The Health Service Executive (HSE) has statutory responsibility for decisions on pricing and reimbursement of medicines under the community drugs schemes, in accordance with the Health (Pricing and Supply of Medical Goods) Act 2013.

The HSE is committed to providing access to as many medicines as possible, in as timely a fashion as possible.

The HSE robustly assesses applications for pricing and reimbursement to make sure it can stretch available resources as far as possible and to deliver best value in relation to each medicine and ultimately more medicines to Irish citizens and patients.

HSE decisions on which medicines are reimbursed by the taxpayer are made on objective, scientific and economic grounds, on the advice of the National Centre for Pharmacoeconomics (NCPE). There are formal processes which govern applications for the pricing and reimbursement of medicines, and new uses of existing medicines, to be funded and/or reimbursed.

In February, I published the Mazars Review which examined the governance arrangements around the HSE’s Drug Pricing and Reimbursement Process.
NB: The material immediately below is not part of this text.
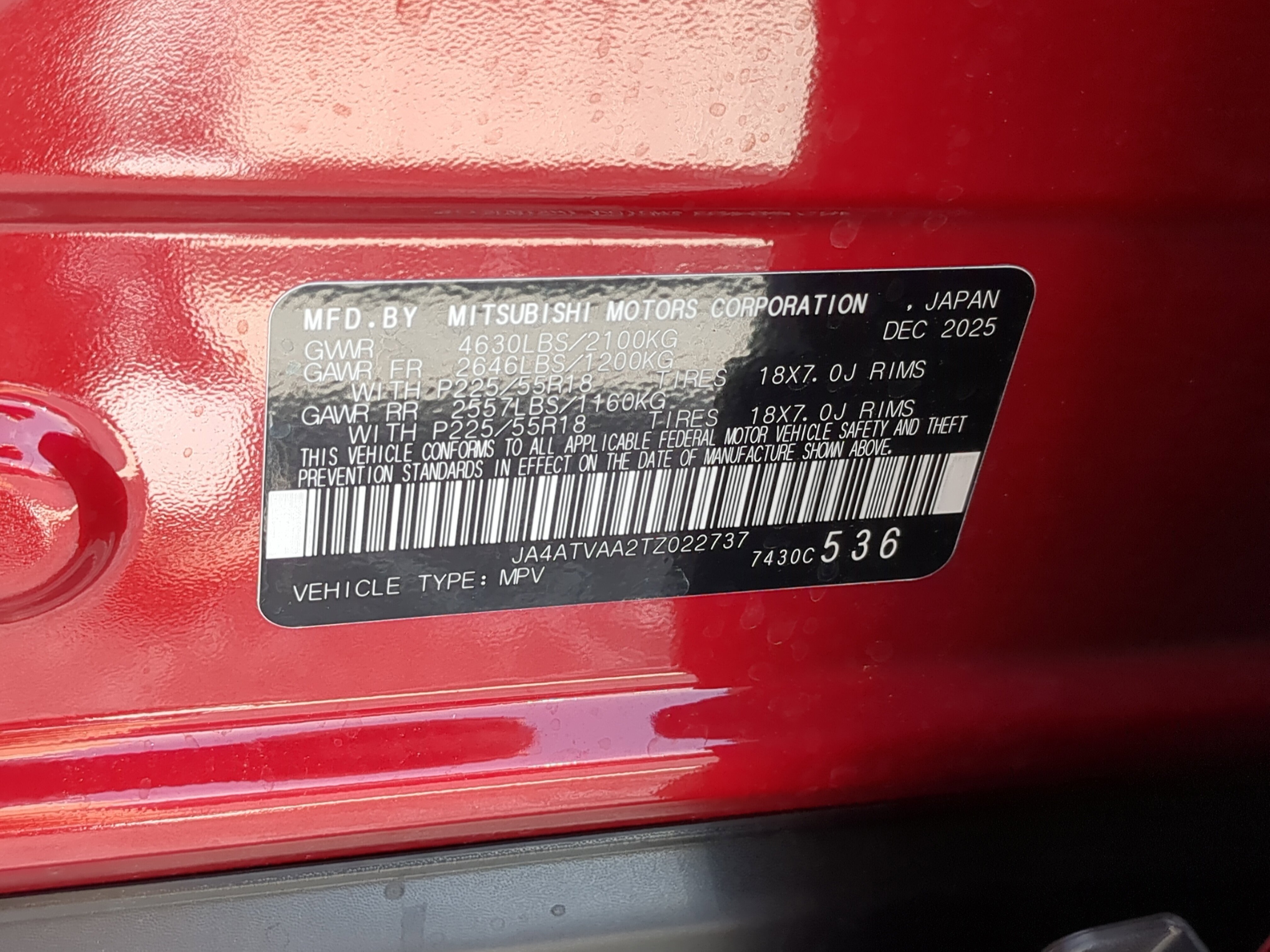 • VIN # JA4ATVAA2TZ022737

The Report found that the reimbursement process is operating in line with the legislation and that it is delivering results in line with international norms. I fully support the recommendations contained in the Mazars report around improving the process, increasing transparency, providing easier access, and supporting value for money.

An implementation group has been established between my Department and the HSE to consider and progress the various recommendations contained in the Report. The membership of the Group includes representatives of the Drugs Group, the HSE, the NCPE, and the Department of Health. The Working Group has met frequently since its establishment, to consider the involvement of patients, industry, and clinicians, in each stage of the reimbursement process.
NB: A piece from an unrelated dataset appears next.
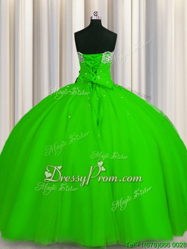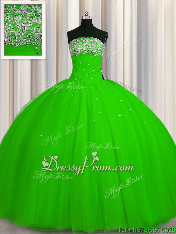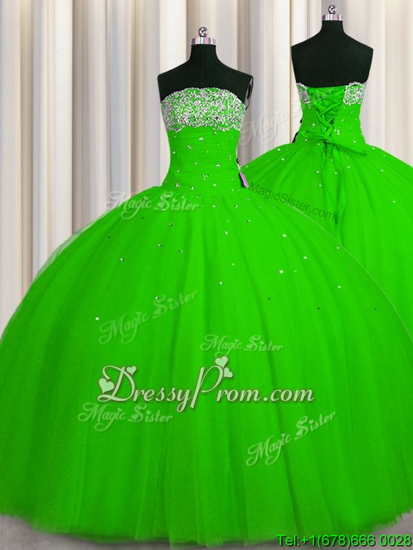 Neckline : StraplessShown Color : Spring GreenSilhouette : Ball GownsSleeve Length : sleevelessHemline : floor lengthBack Detail : Lace upFabric : TulleEmbellishment : Beading,SequinsOccasion : Military Ball,Sweet 16,QuinceaneraSeason : Spring,Summer,Fall,Winter

Targeted stakeholder consultation commenced on the 31st of May and concluded on the 20th of June. The insights gained from stakeholders have been considered by the Group as it continues its work on progressing the various recommendations of the Review. The Group’s work is now nearing completion and a report on this will be submitted to me in the coming months.

Photo of John Paul PhelanJohn Paul Phelan (Carlow-Kilkenny, Fine Gael)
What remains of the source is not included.